The willingness to change everything: I could not find the source of this quote but I think this is true: “When digital transformation is done right, it's like a caterpillar turning into a butterfly, but when done wrong, all you have is a really fast caterpillar.” You have to change the processes and the org structure if you want to harvest the advantages of the cloud. Without these changes the result will be as slow as the original on prem counterpart is.

The right level of ITSec control – if too loose, you will be hacked, if too tight, nobody will use your stuff and shadow IT orgs will sprout out everywhere. You need to decide on a few core items:
- single CSP, or multi cloud, distributed cloud yes/no, cloud native tools vs 3^rd party for monitoring, managing, protecting it.
- how far you are able (willing) to go with automation, mostly with Infrastructure as a Code (IaC). The dilemma is where to stop. The Pareto principle should give us guidance but it misses one key point: any manual intervention will defeat the purpose of the entire automation. This quote is from 1935, but it is as relevant as ever: “It is difficult to get a man to understand something, when his salary depends on his not understanding it.” /Upton Sinclair/
- what your cloud operating model is: the conservative approach is when the dev teams file a SNOW ticket for everything in the cloud just like on prem, the avant-garde approach is when you give them freedom to implement their preferred PaaS component with their own IaC code and to go YBIYRI (you build it, you run it) for components that are not yet supported by central IT Ops.

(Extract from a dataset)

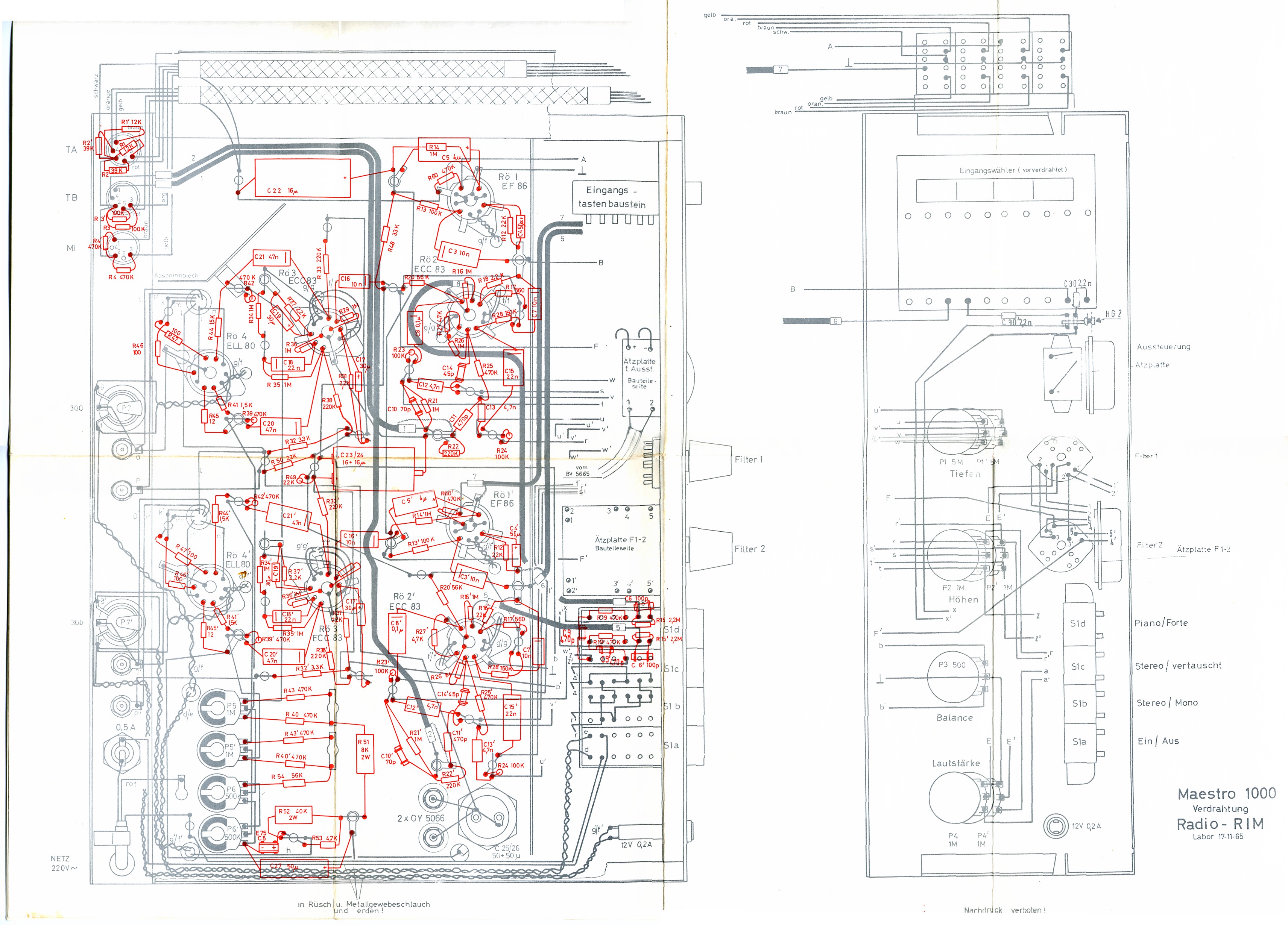 TA-Kristall, TA-magnet.-dynamisch, Tonband bzw. Rundfunk- und Mikrofon. Die vier Eingänge sind mit Hilfe des

Establishing the Cloud CoE

A program or an org unit: Management needs to find out if you are a project or an org unit. All peer connects (interviews with other enterprises who embarked on this journey earlier) show that introducing the public cloud at enterprise scale is a 5+ year program with likely evergreen residuals. Treating it as a project has implications, eg. 90+ % of the team will leave at the end of the program, taking all learnings with them.
Staffing:
- #1: quick learners with a solid technology background are on high demand. Giving scraps of time of mediocre performers will defeat the purpose of the whole thing.
- #2: the imbalance between supply and demand will crank up the prices to the point that can jeopardize the financial viability of the program.
- #3: be prepared to lose your best cloud engineers to abroad. Our regretted attrition way over the internal FTE attrition. The replacement takes cca 3+ months. The ramp up will require another 3 months, ie. you are down with a top engineer for 6+ months.
- #4: We underestimated, therefore understaffed the process, governance and compliance tasks. Cloud is not only an engineering task, but a heavy lifting on process and compliance, let alone a major change management undertaking as well. The non- engineering activities are 30+% of the job. (the process folks claim this is 50+%...)

Key decisions to make

what the public cloud actually is – a 3rd data center or something completely different? The CCoE was convinced that this is different while ITOps insisted that this was just another DC, therefore should behave like one: same technologies, same processes, and nothing else.
how far you want to go with self-service? One approach is to allow You Build It- You Run It where ITOps is not ready to operate the new technology. The advantage is that it will allow the dev teams to go faster but will require to build operations skills and capacity on their side. Another approach is to channel every cloud request into the existing processes and handle them as if they were an on prem request.
Some dev teams will want to tinker with PaaS components while others will want to concentrate on business logic and application-level tasks. In the latter case, centrally provided cloud services will be required for those who do not want to deal with the PaaS component operations. You need to define the boundaries between YBIYRI and these central cloud services (roles and responsibilities) AND need to establish this managed service layer. (this is mostly not a technical undertaking.)
Drinking from the firehose - the balance between an R&D workshop and a factory - the number of PaaS services vs. the available offerings (let alone the Marketplace) Do not go beyond 10-15% of the total service offerings, otherwise you will be quashed by their quantity.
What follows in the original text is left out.